Purpose: Glutamine has long been viewed as an essential nutrient in corneal graft storage and corneal endothelial (CE) culture medium. We recently characterized the highly expressed CE membrane protein SLC4A11 as a novel ammonia transporter, suggesting active glutamine metabolism and the net production of ammonia. We hypothesized CE cells can utilize glutamine as an alternative carbon source for ATP production, which potentially is an essential substrate supporting CE Na-K-ATPase and ‘pump’ function.
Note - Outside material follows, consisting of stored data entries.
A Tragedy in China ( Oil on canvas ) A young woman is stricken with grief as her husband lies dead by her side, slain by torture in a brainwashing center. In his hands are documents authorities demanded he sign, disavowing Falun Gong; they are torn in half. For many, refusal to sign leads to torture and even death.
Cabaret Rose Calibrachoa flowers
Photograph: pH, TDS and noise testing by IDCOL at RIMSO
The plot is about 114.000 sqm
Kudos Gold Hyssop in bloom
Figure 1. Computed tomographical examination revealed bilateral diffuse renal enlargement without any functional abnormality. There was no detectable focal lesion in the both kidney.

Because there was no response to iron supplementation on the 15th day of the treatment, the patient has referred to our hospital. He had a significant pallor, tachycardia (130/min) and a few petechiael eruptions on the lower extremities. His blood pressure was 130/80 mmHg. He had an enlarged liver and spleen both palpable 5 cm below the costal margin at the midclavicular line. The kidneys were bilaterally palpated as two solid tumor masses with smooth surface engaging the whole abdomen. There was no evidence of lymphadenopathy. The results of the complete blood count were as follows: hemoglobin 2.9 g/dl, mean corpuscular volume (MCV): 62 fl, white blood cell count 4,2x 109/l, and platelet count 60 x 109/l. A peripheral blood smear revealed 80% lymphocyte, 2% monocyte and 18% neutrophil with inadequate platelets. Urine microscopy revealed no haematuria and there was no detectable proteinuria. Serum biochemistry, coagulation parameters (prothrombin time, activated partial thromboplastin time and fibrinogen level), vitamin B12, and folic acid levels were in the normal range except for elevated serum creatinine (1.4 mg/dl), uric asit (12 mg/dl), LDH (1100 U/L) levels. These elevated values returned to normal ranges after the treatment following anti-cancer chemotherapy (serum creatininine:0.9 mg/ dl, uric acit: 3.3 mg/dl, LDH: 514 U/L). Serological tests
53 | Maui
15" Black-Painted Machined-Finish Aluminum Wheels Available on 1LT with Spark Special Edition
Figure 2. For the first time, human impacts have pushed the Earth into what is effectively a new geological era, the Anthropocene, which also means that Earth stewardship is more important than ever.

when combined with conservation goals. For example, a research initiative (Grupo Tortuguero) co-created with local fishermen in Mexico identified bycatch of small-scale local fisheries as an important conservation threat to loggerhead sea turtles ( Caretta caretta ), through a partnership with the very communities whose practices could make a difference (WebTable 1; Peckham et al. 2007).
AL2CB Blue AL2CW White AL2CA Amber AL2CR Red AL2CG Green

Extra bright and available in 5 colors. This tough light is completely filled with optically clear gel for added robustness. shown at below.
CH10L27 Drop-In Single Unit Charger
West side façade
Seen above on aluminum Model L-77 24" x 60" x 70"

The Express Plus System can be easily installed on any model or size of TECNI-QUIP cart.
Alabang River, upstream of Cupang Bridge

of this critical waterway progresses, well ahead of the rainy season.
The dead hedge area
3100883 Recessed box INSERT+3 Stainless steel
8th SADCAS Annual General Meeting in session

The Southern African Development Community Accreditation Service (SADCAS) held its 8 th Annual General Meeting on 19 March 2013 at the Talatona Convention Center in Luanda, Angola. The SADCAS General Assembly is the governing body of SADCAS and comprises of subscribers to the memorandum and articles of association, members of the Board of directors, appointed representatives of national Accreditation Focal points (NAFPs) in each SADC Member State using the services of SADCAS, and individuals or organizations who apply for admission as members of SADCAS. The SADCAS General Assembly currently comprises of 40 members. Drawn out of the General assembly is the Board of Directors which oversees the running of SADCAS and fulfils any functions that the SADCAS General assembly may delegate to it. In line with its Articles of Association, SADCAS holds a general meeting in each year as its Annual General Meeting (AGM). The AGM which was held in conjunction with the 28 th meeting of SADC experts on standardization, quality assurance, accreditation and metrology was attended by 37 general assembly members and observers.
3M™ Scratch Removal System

Methods: Enzymes and transporters required for glutamine metabolism were screened by RT-PCR in human CE specimens collected from eye bank tissue. Glutamine consumption in an immortalized human CE cell line was measured by ammonia release into culture medium by colorimetric assay. ATP production by CE in glucose only (5 g/l), glutamine only (4 mM), both or neither substrate was measured by luciferin-luciferase assay in human CE cell lines. All data are expressed as mean ± s.e.m.
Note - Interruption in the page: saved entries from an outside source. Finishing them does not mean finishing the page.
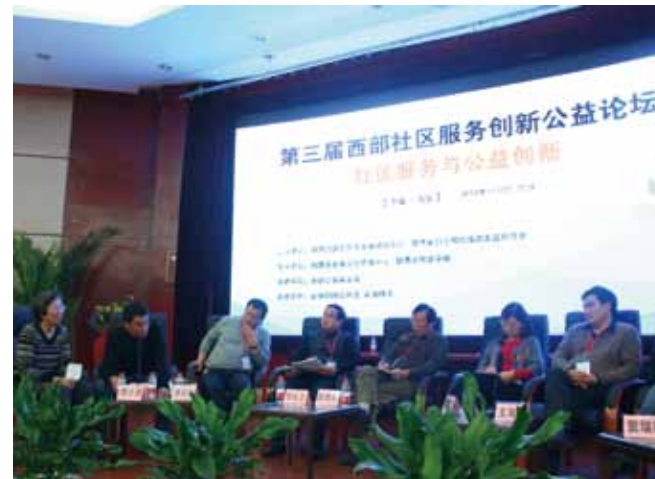
the 3rd Innovation Forum of Western Community Service
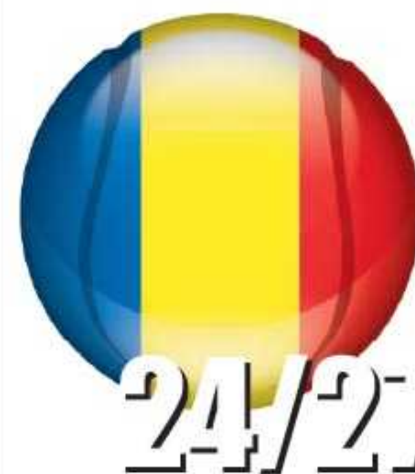
DRAW BOARD The official draw ceremony will be held on November 9
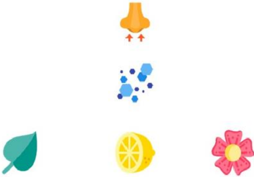
Figure 2: olfactory training consists of sniffing items with high density molecules such as roses, lemons, cloves, or eucalyptus for 20 seconds each, twice a day for \geq 3 months; patients who have an altered sense of smell due to COVID-19 infection have shown benefit through the use of this regimen
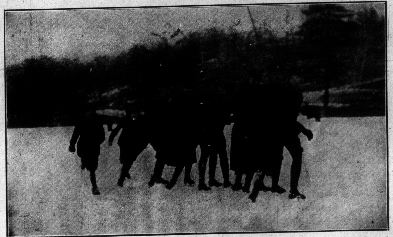
Winter pastimes of the soldiers. A bunch of the boys in khaki enjoying themselves on Grenadier Pond with the ubiquitous small boy at the rear.
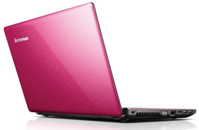
Lenovo IdeaPad Z380 (Peony pink)
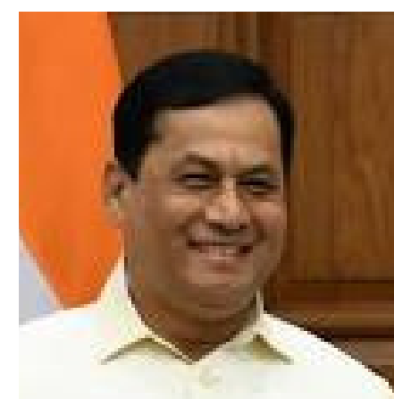
Shri Sarbananda Sonowal

Hon'ble Minister of Ports, Shipping and Waterways

Results: We detected the expression of the key enzyme in glutamine metabolism in human CE: phosphate-dependent glutaminase, which catalyzes the first step in glutamine oxidation. Both kidney isoform glutaminase 1 (GLS1) and liver isoform (GLS2) are expressed (GLS1>GLS2). Excitatory Amino Acid Transporter 1-3 (EAAT 1-3), associated with glutamine metabolism, were also detected with expression level EAAT3≈EAAT2>EAAT1. Ammonia release (mM) was dose dependent on glutamine concentration (n=6 at each concentration, 0.1, 0.5, 1, 2, 4 mM) with highest at 4 mM (1.14±0.01) and lowest at 0.1 mM (0.74±0.02) (Independent t-test, p<0.001). Ammonia levels can be fitted against glutamine concentration with the Michaelis-Menten equation (R2=0.918, p<0.0001), and yield a Km of 1.99±0.62 mM (p=0.0034), similar to previously reported glutaminase Km 2~5 mM. ATP production (nmol/106 cells) was highest in glucose and glutamine combined medium (1.10±0.09), slightly lower in glutamine only medium (1.00±0.12), and significantly lower in glucose only (0.52±0.07) and no substrate medium (0.34±0.07). (n=23 in each condition, One-way ANOVA, P<0.001).

Conclusions: Human CE can actively use glutamine as an essential carbon source for ATP production through glutaminase. This work could provide insight in optimizing cornea graft storage medium and the pathophysiology caused by mutated ammonia transporter SLC4A11.